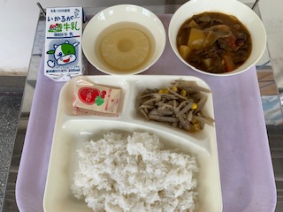 牛肉と金時豆のカレーライス(近江(おうみ)牛(うし))・ごぼうサラダ・パインアップル(缶(かん))・牛乳
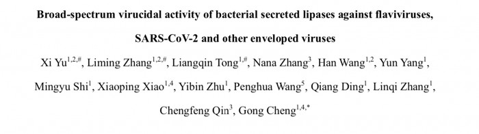 当地时间5月22日,研究团队在预印本网站bioRxiv在线发表了上述研究,题为“Broad-spectrum virucidal activity of bacterial secreted lipases against flaviviruses, SARS-CoV-2 and other enveloped viruses”。论文的通讯作者为清华大学医学院程功教授。
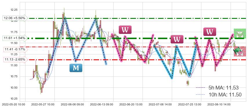 ♘ 阻力价格位11.61,可信任强度92.19%,距离最后交易2022-08-12 14:00形成的收盘价格11.43相差 +1.54%
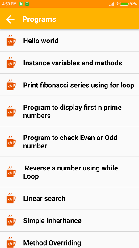 O aplicativo Tutorial e programação Java possui uma interface de usuário realmente simples e intuitiva. É o aplicativo muito bom para você aprender a programação Java de graça. Então, o que você está esperando? Baixe o aplicativo agora para se tornar um especialista em Java Programming Languages.
+++
— What is required —
The expected output is an exact retyping of the lines from the line with "virucidal activity of" through the last line of the data, with both ends kept and the pictures dropped.

— The completed task —
 当地时间5月22日,研究团队在预印本网站bioRxiv在线发表了上述研究,题为“Broad-spectrum virucidal activity of bacterial secreted lipases against flaviviruses, SARS-CoV-2 and other enveloped viruses”。论文的通讯作者为清华大学医学院程功教授。
 ♘ 阻力价格位11.61,可信任强度92.19%,距离最后交易2022-08-12 14:00形成的收盘价格11.43相差 +1.54%
 O aplicativo Tutorial e programação Java possui uma interface de usuário realmente simples e intuitiva. É o aplicativo muito bom para você aprender a programação Java de graça. Então, o que você está esperando? Baixe o aplicativo agora para se tornar um especialista em Java Programming Languages.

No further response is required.